(Stored data entries)
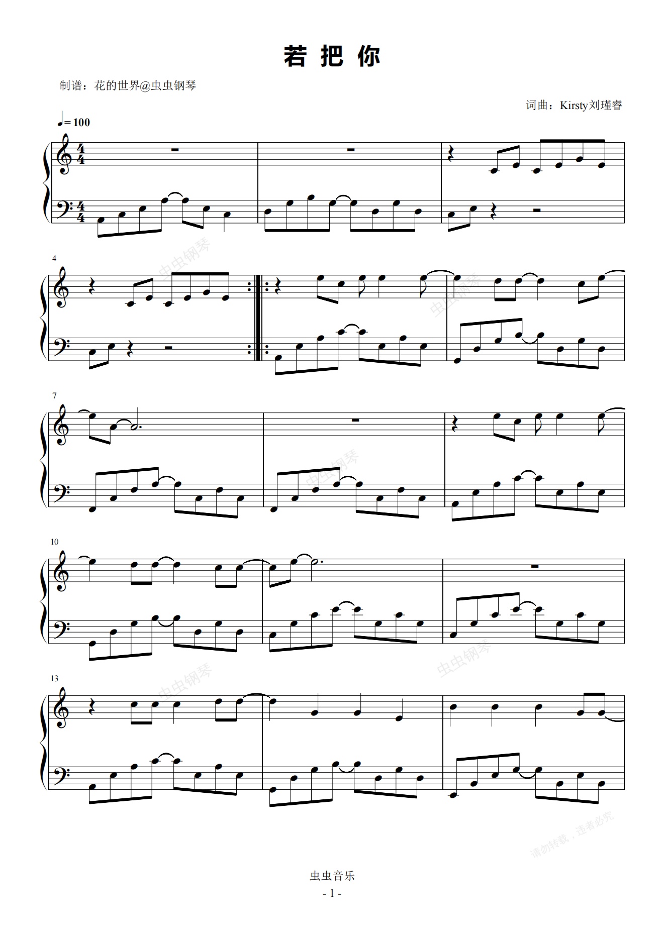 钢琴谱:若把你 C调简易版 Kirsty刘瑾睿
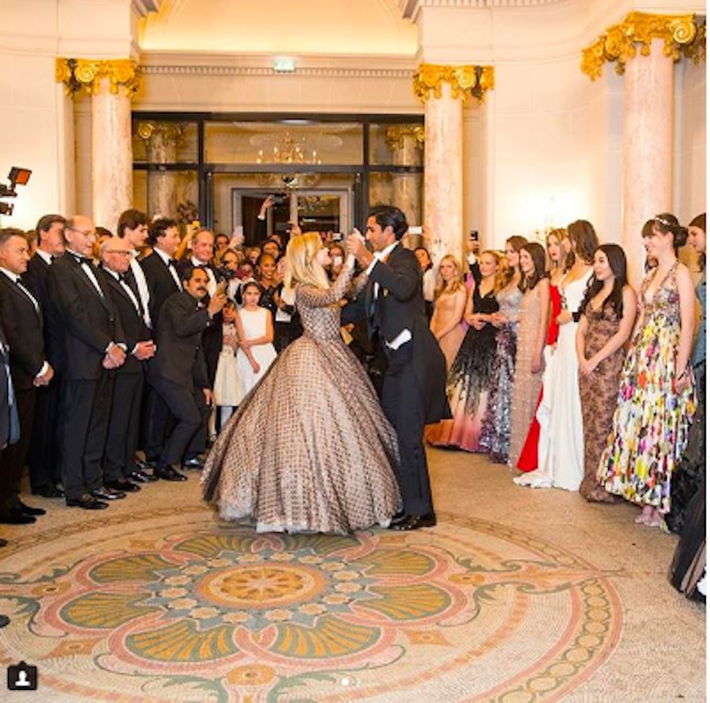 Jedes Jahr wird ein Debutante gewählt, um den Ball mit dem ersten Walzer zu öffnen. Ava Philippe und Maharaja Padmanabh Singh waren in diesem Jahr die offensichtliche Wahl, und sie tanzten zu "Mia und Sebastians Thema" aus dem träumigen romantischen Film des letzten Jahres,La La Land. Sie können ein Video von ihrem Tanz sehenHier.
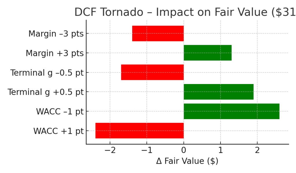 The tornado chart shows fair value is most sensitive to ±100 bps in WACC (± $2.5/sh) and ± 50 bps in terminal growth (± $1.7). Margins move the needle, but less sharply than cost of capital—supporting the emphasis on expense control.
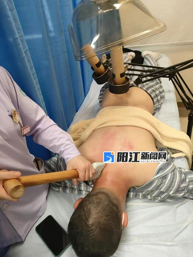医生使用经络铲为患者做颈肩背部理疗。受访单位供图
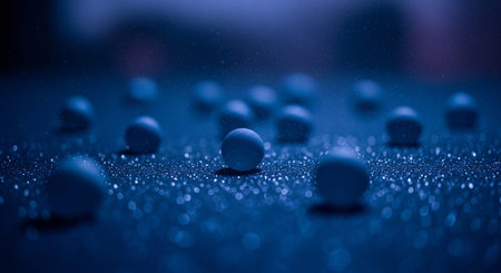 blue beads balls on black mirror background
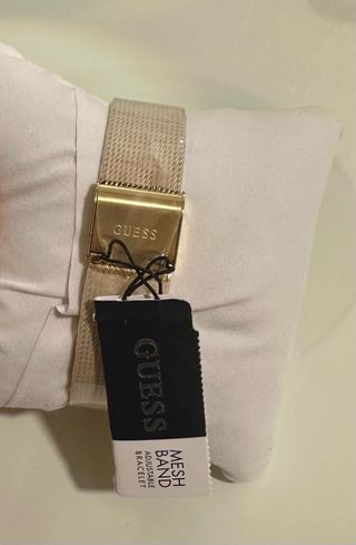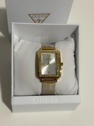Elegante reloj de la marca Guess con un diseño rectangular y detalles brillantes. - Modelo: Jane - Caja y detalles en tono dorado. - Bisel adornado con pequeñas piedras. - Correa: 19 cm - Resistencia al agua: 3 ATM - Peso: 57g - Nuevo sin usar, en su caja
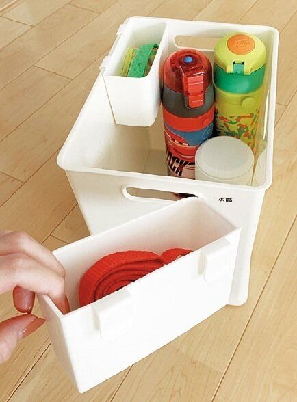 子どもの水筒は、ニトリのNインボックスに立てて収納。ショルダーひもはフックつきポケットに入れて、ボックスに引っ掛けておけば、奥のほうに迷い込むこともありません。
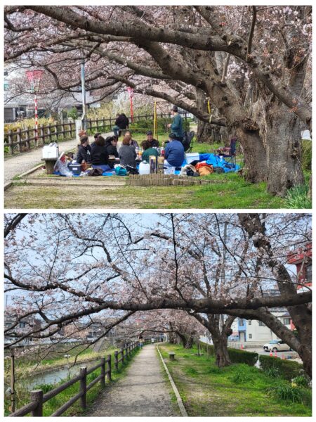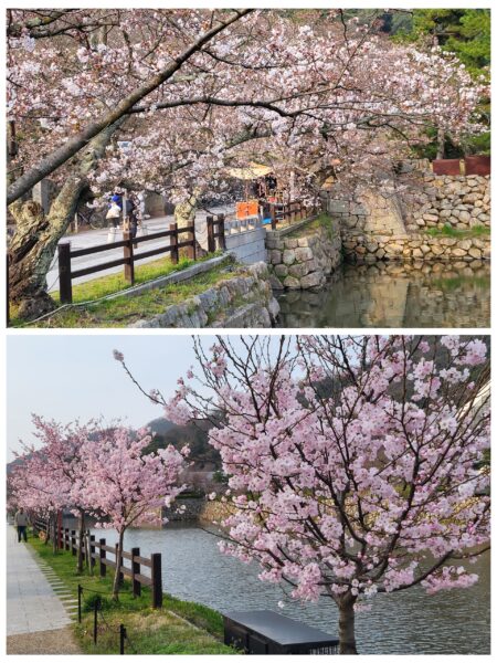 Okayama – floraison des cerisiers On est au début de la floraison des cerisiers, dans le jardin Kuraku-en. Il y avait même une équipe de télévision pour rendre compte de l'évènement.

## TASK STATEMENT
Once the line containing "blue beads balls on black mirror background" is found, it and every line through the end of the records above should be output exactly, with no pictures.

## COMPLETED EXERCISE
 blue beads balls on black mirror background
Elegante reloj de la marca Guess con un diseño rectangular y detalles brillantes. - Modelo: Jane - Caja y detalles en tono dorado. - Bisel adornado con pequeñas piedras. - Correa: 19 cm - Resistencia al agua: 3 ATM - Peso: 57g - Nuevo sin usar, en su caja
 子どもの水筒は、ニトリのNインボックスに立てて収納。ショルダーひもはフックつきポケットに入れて、ボックスに引っ掛けておけば、奥のほうに迷い込むこともありません。
 Okayama – floraison des cerisiers On est au début de la floraison des cerisiers, dans le jardin Kuraku-en. Il y avait même une équipe de télévision pour rendre compte de l'évènement.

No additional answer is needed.